The next phase would be a demonstration of the ROI benefits of AI adoption. We foresee a process similar to the ROI research that paved the way for PACS adoption. Going forward, perhaps we should also pursue some form of long-term prospective monitoring of AI's benefits, as has been done with other medical technologies. This would confirm earlier findings and determine venues for further improvement. The first companies that can publish such conclusive research will probably be the first ones to reap the benefits of their solutions' adoption as a standard of care.
A new standard of care
The challenge of integrating AI into the standard-of-care framework is not an easy one -- but with medical facilities, AI developers, PACS and EHR vendors, radiology leaders, and governmental authorities working together, very soon patients and medical centers across the healthcare spectrum will be able to benefit from the extraordinary clinical benefits that AI has to offer.
Elad Walach is the co-founder and CEO of Aidoc, a healthcare AI start-up focused on using deep learning to relieve the bottleneck in medical image diagnosis. Walach began his career in the elite Israeli Defense Forces' Talpiot technology program. He served as a researcher in the Israeli Air Force's algorithmic division, where he raised through the ranks, reaching the position of algorithmic research leader. He led several teams focused on machine-learning and computer-vision projects from inception to execution. Walach holds a Bachelor of Science in mathematics and physics from the Hebrew University of Jerusalem and a Master of Science in computer science with a focus on deep learning from Tel Aviv University.

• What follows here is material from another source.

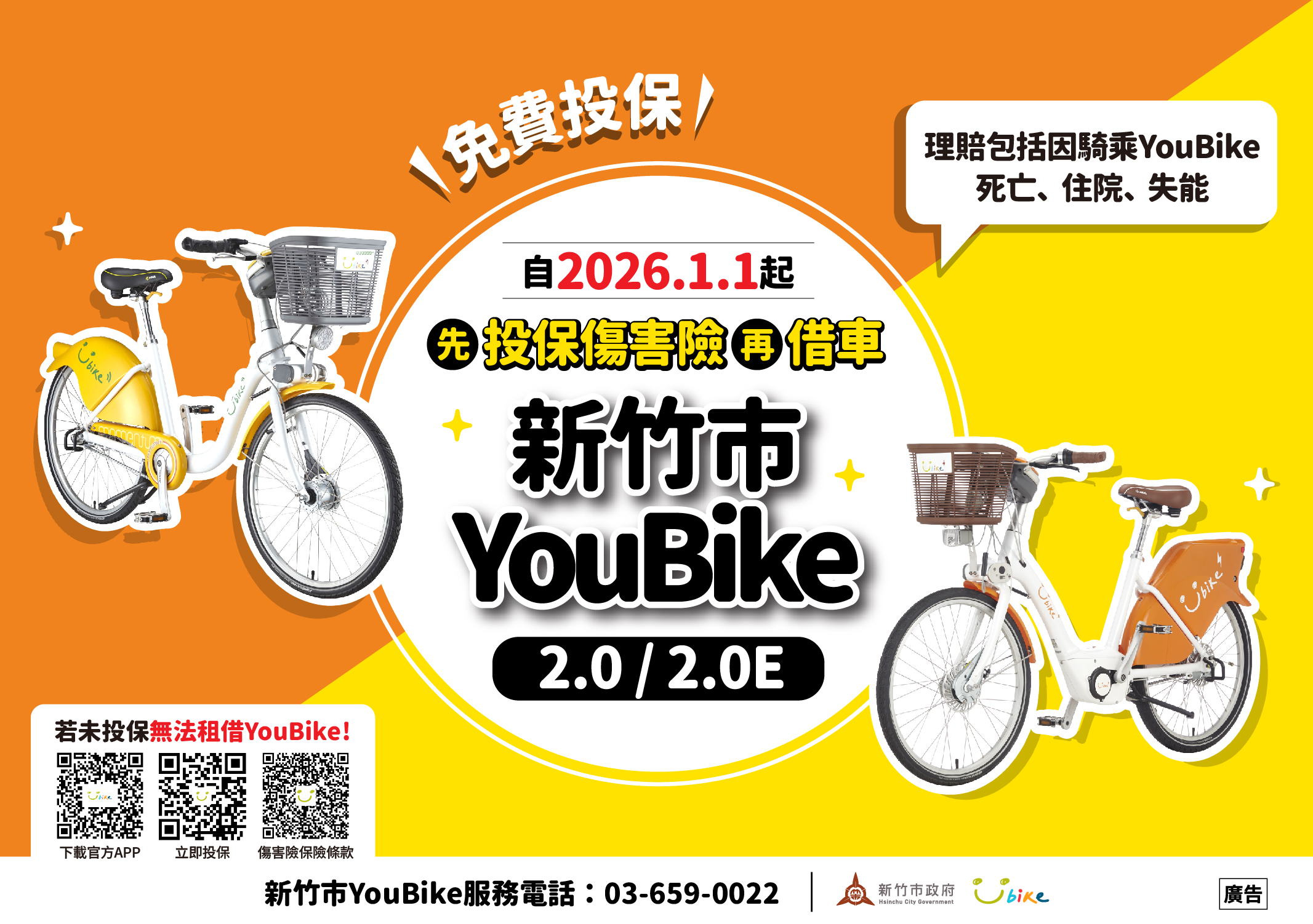考量民眾往來交通節點、學校、各級機關、觀光景點、旅遊中心及活動中心等場所頻繁、新竹科學園區、大專院校及各級學校,亦有學術商務交流,請各單位協助利用各式管道,宣導租借YouBike2.0全車種前需完成投保傷害險、投保免費及如何加保等資訊,自115年1月1日起,未投保傷害險無法借車。 |

Dr. Carl Aschkenasi graduated from Harvard Medical School, where he was honored with a Howard Hughes research fellowship. He completed his radiology residency at the Mallinckrodt Institute of Radiology in St. Louis. As a radiologist certified by the American Board of Radiology, he worked for two years performing general radiology in a hospital-based private practice in St. Louis, before moving to Israel in 2010 with his family. In Israel, Aschkenasi has been principally employed as a senior consultant radiologist at Teleradiology Solutions, which provides remote radiology services to numerous hospitals in 18 states and to underserved medical centers around the world. He has worked as a consultant for Aidoc for the past two years, and he believes AI applications in radiology will translate into more efficient and safer patient care.
The comments and observations expressed are those of the authors and do not necessarily reflect the opinions of AuntMinnie.com.